Nexus does not parse PDFs, HTML, Markdown, Docling output, database rows, or binary attachments into knowledge. Wendao owns parser execution, Docling orchestration, scheduling, agent routing, and backend indexing. Wendao-side code can turn external databases or documents into normalized Markdown, sections, metadata, and provenance, then hand those records to Nexus through RawSourceDocument, ExternalKnowledgeDocument, source-pack manifests, and Arrow/Flight batches.

The Nexus contract intentionally includes metadata such as authors, license, DOI, PMID, publication/update time, version, revision id, source kind, authority level, provenance, and evidence kind. It also names the first vertical business fields that source packs need, including legal jurisdiction/statute/article and agriculture region/crop/market-signal fields. That lets agents and LLM-facing tools receive an evidence boundary without making Nexus a parser framework.

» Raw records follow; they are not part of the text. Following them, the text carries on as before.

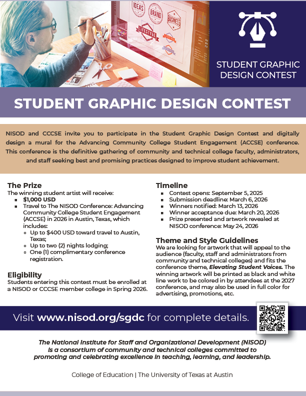 NISOD and CCCSE invite you to participate in the Student Graphic Design Contest and digitally design a mural for the Advancing Community College Student Engagement (ACCSE) conference. This conference is the definitive gathering of community and technical college faculty, administrators, and staff seeking best and promising practices designed to improve student achievement.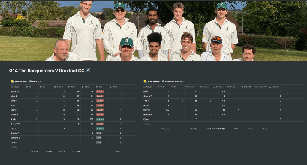 Ably supported, in the last few overs, by Jules (10) and Stu B with the same score, and a commendable 141 was posted in our 40 overs.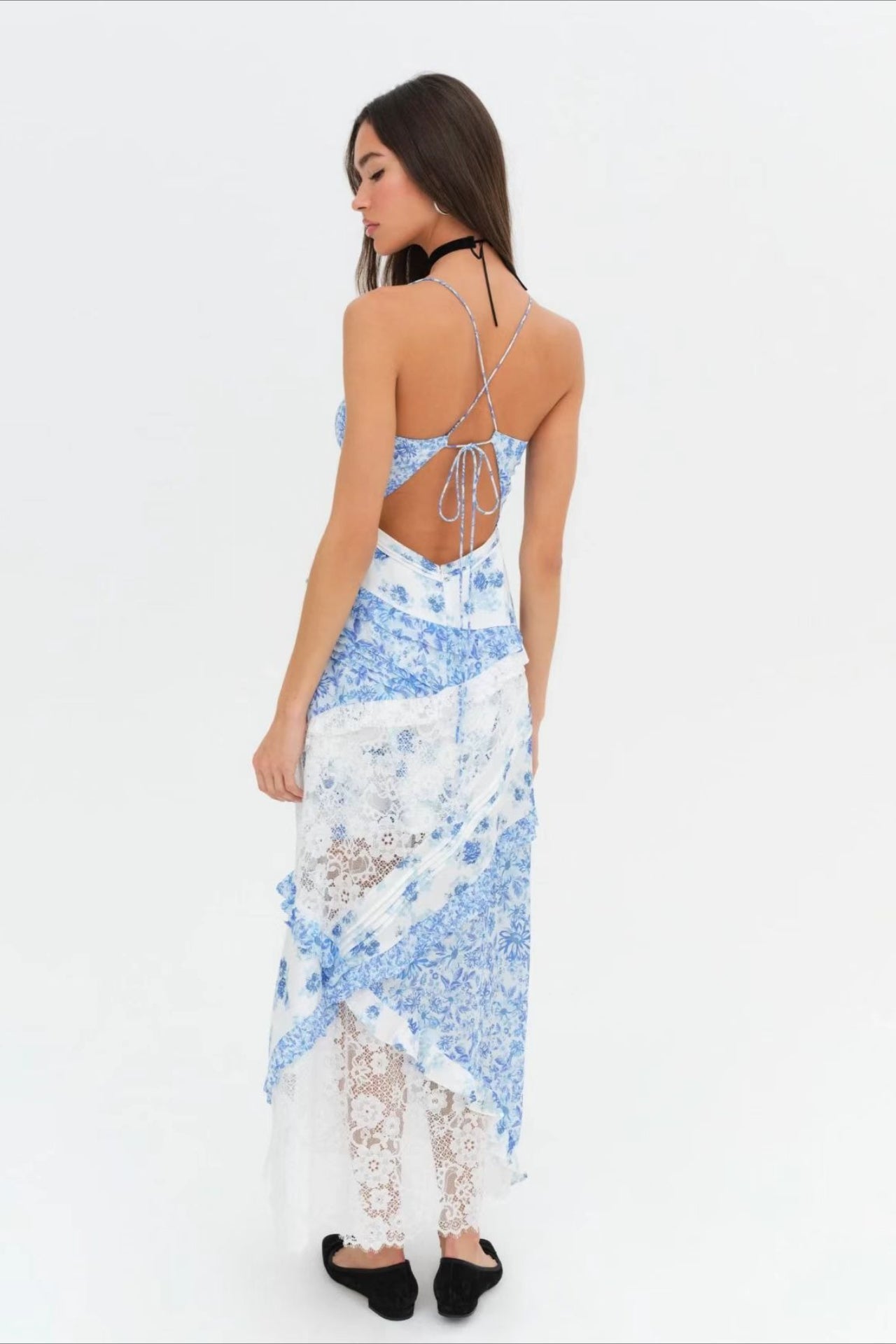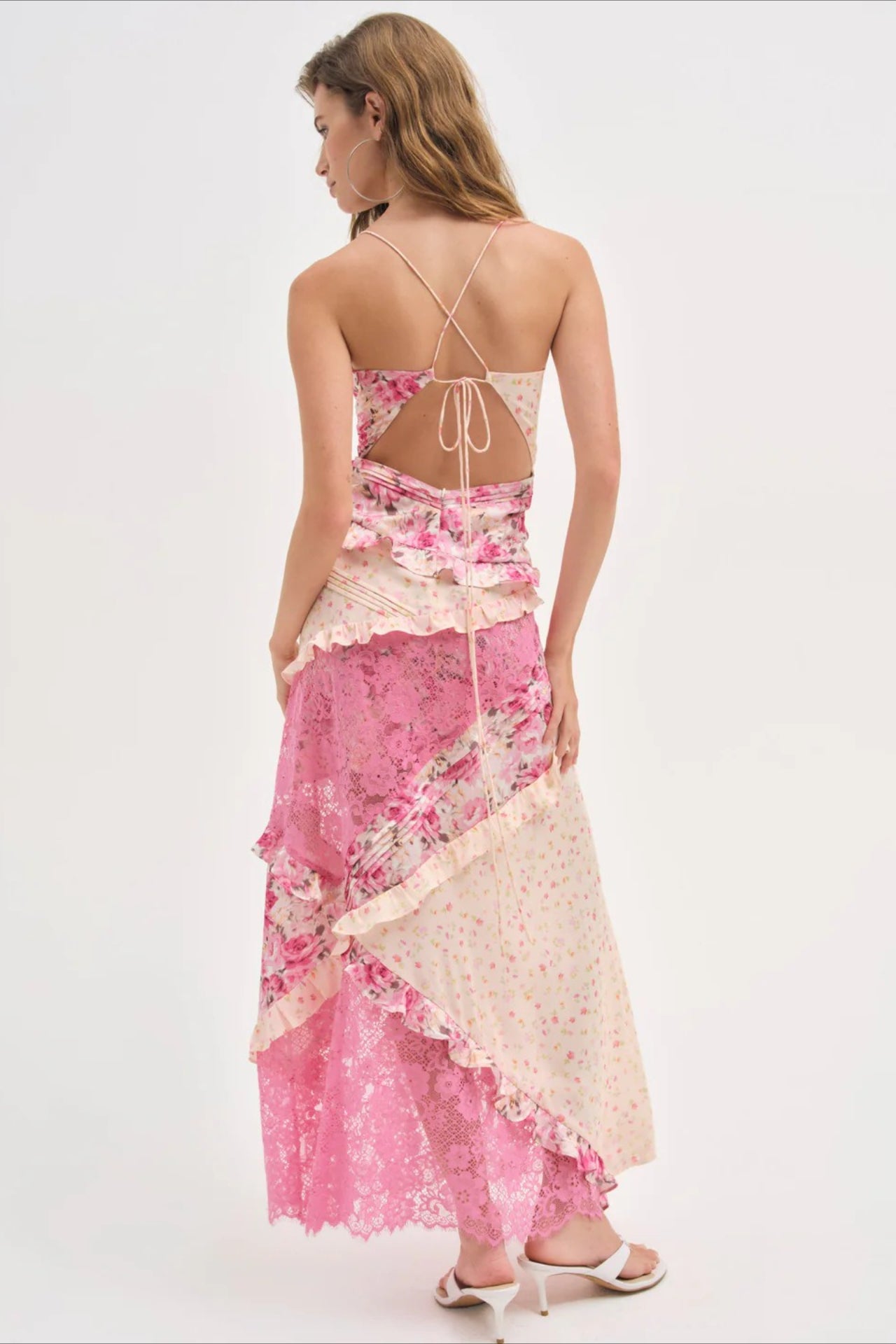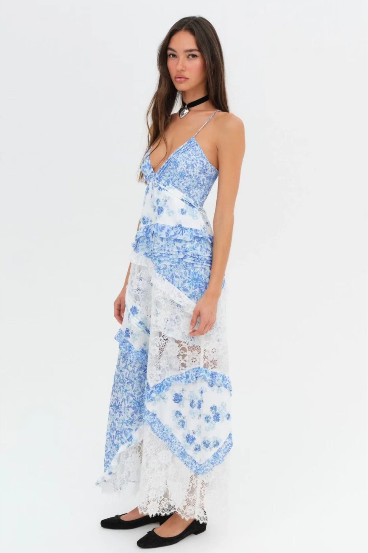 Deep V Ruffle Floral Lace Patchwork Cami Maxi Dress

That v0 metadata surface is a compatibility bridge, not the long-term extension mechanism. Nexus must not encode every domain-specific external field in Rust. Rust owns the stable evidence boundary, profile validation, canonical projection, and deterministic policy evaluation. Source-specific field semantics belong to SourceProfile manifests, dynamic evidence attributes, and downstream evidence algorithms.

Workspace

crates/wendao-nexus
crates/wendao-nexus-core
crates/wendao-nexus-flight
crates/wendao-nexus-runtime
crates/wendao-nexus-connectors

Documentation

Project documentation uses a local Johnny.Decimal topology:

  • docs/topology.toml declares the category catalog.
  • docs/00_index/00.01_jdex.md is the documentation index.
  • docs/10_architecture/10.01_nexus_boundary.md records the standalone Nexus boundary.
  • docs/10_architecture/10.02_flight_protocol.md records the Flight contract.
  • docs/10_architecture/10.03_profile_driven_evidence_schema.md records the profile-driven evidence schema direction.
  • docs/20_runtime/20.01_runtime_and_connectors.md records runtime and connector ownership.
  • docs/90_operations/90.01_validation_and_governance.md records validation and audit rules.

Dependency Direction

The boundary is intentionally one-way:

wendao-nexus independent protocol and ingestion crates
  -> linked or mounted by the Wendao-side server
xiuxian-wendao / Wendao Flight service / agent tools

wendao-nexus must not depend on xiuxian-db-store, xiuxian-vector, xiuxian-wendao-core, or xiuxian-wendao-runtime. If xiuxian needs a Rust-level integration, that adapter belongs in xiuxian-artisan-workshop or the Wendao server crate, where it can depend on Nexus protocol crates and xiuxian internal crates in the legal direction.

Crate Boundaries

wendao-nexus

Facade crate:

  • NexusFixtureHarness for serverless source-pack ingest, artifact replay, and Arrow Flight batch validation before Wendao-side adapter mounting;
  • package-level harness coverage for composing runtime and protocol crates.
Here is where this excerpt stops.